Brain and Mitochondrial
Improving diagnosis and outcomes for children and families with rare inherited mitochondrial and neurogenetic diseases.
We aim to improve diagnosis and outcomes for children and families affected by rare inherited diseases, particularly those affecting mitochondria (our cellular power plants), and other critical cellular processes impacting the healthy development of brain and nerves.
We have been the major national centre for laboratory investigation of mitochondrial disease for three decades and have longstanding research interests in other inherited metabolic disorders and neurogenetic conditions like Rett syndrome.
Key research areas
Genomics and Functional Genomics for Diagnosis
DNA sequencing technologies have transformed the diagnosis of rare diseases. However, around half of all patients suspected of having mitochondrial or other rare inherited diseases currently remain without a diagnosis after genomic investigations. We employ “multi-omic” approaches to solve these difficult cases including transcriptomics, proteomics and targeted functional analyses.
Preclinical Stem Cell Models
To model mitochondrial diseases and other neurogenetic conditions ‘in a dish’ we use pluripotent stem cell technology to turn patient skin cells into different cell types such as cardiomyocyte (heart cells) and neurons. These patient-specific models enable the study of disease mechanisms and treatment strategies in the most relevant cell types.
Implementation of Research into the Australian Health Care System
Research discoveries can take years to be introduced into clinical practice. We focus on developing an evidence base to facilitate this, playing lead roles in local, national and international consortia such as RDNow, Australian Genomics, International Precision Child Heath Partnership (IPCHiP) and Leigh Syndrome Roadmap Project. These seek to build capacity for delivery of genomic diagnostic services, ensure publicly accessible reproductive options to prevent inherited disease, develop health economic evidence for introducing new services, and facilitate recruitment of patients into clinical trials. We engage closely with consumer organisations such as the Mito Foundation, to seek legislative change so mitochondrial donation will be available to Australian families.
David Thorburn Interview by Indira Naidoo on ABC Nightlife
Professor David Thorburn discusses the diagnosis of mitochondrial disease and proposed laws around mitochondrial donation. Interview by Indira Naidoo, ABC Nightlife.
Lewis' legacy
Liz and Luke share their deeply personal story of their little boy Lewis, who sadly died of mitochondrial heart disease eight days after being born. Lewis' legacy however means MCRI researchers like Alison Compton and Ann Frazier can tell affected families that this awful outcome is extremely unlikely to happen again.

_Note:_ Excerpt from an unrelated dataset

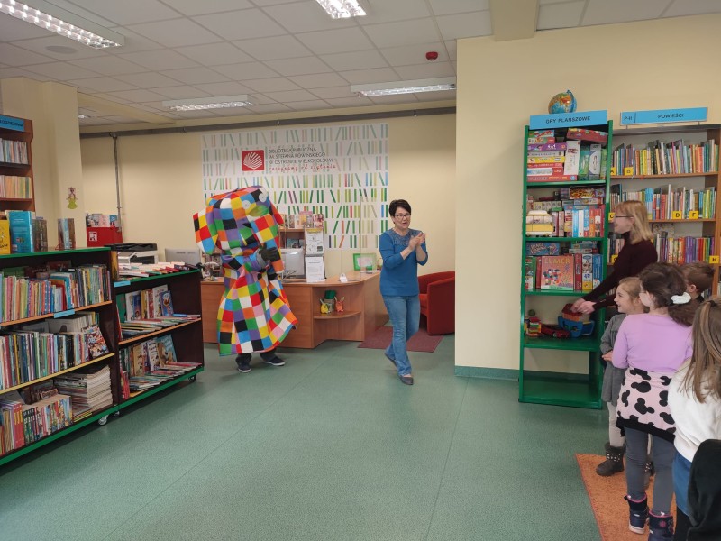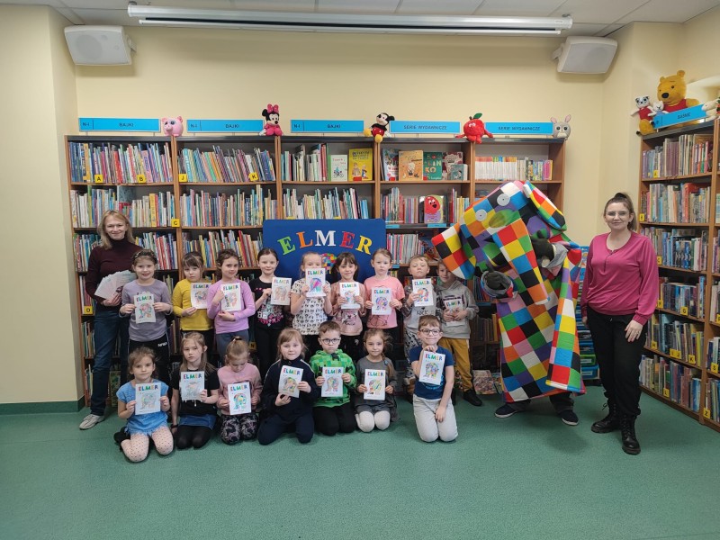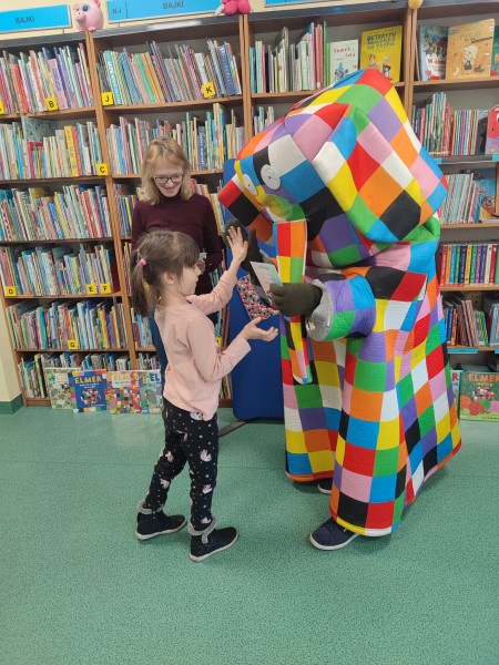 29 marca grupa FIOĹKI wybraĹa siÄ do Biblioteki Publicznej nr 7 na zajÄcia i spotkanie ze sĹoniem w kratkÄ ELMEREM, ktĂłry jest bohaterem popularnych opowieĹci dla dzieci autorstwa Davida McKee'a
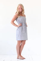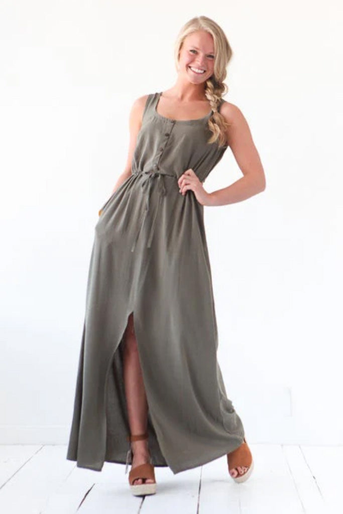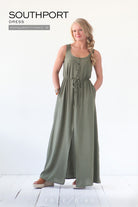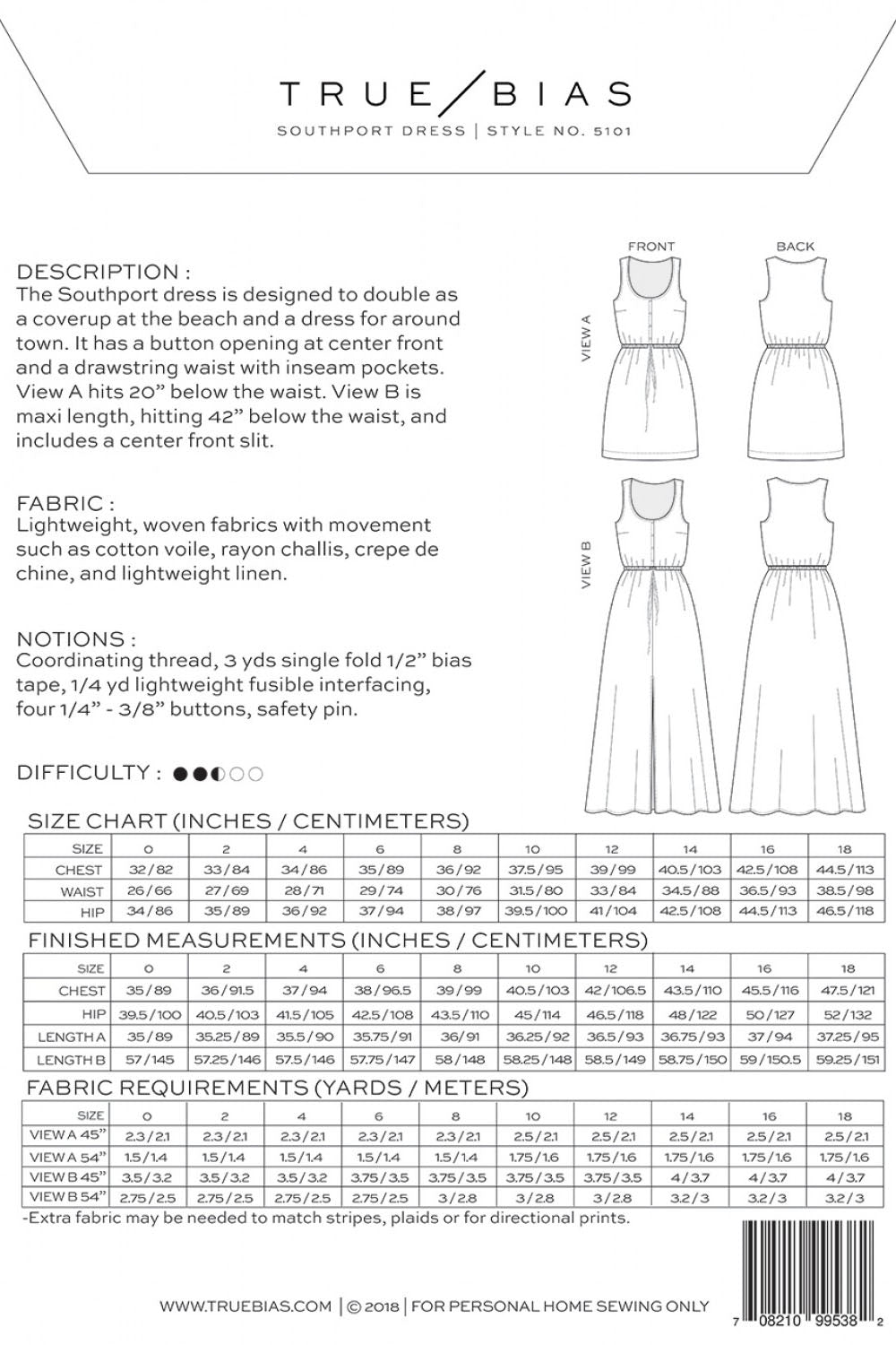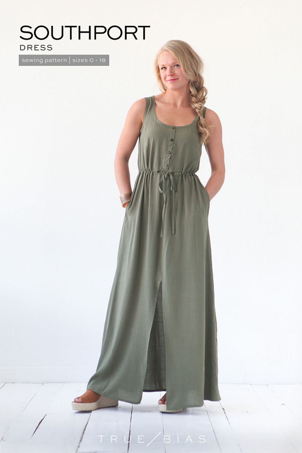 The Southport dress is a tank style dress designed to be worn as a coverup at the beach or a dress for around town. It has a button opening at center front and a drawstring waist with inseam pockets. View A hits 20” from the waist. View B is maxi length and hits 42” from the waist and includes a center front slit.

NAD(P)HX dehydratase (NAXD) deficiency
An international team of researchers, led by MCRI, have identified a rare genetic brain disorder that causes severe neurological damage in children after a mild episode of fever or illness.
Theme Director
Group Leaders
Team Leaders
Group Members
KIF1A-Associated Neurological Disorder (KAND) research program
KIF1A-Associated Neurological Disorder or KAND is a severe and ultra-rare neurodegenerative disorder caused by one or more variants in the KIF1A gene. Symptoms of KIF1A-Associated Neurological Disorder can present at birth or in early childhood and can affect the eyes, muscles and nerves. KIF1A-Associated Neurological Disorder can also result in significant intellectual disability, development delay, wheelchair dependence at early age, blindness and drug-resistant seizures. As it is a progressive condition, KIF1A-Associated Neurological Disorder symptoms will worsen as a child gets older.
Read more...Our projects
Into the Unknown: multi-omic analyses of inherited metabolic disorders with ‘variants of uncertain significance’
Individual “rare diseases” affect less than 1 in 2000 people but collectively the >7000 rare diseases affect over 1 million Australians. Mitochondrial diseases are the most common form of inherited metabolic disorders and are currently known to comprise over 350 distinct monogenic causes. Genomic sequencing has transformed the diagnosis of rare diseases; however, many cases remain unsolved. This project uses a combination of state-of-the-art wet and dry lab technologies to investigate ‘variants of uncertain significance’ in known or candidate disease genes from existing genome sequencing. This will generate definitive diagnoses for previously unsolvable patients, aid understanding of disease and develop methods that can apply to the diagnosis and understanding of other rare diseases.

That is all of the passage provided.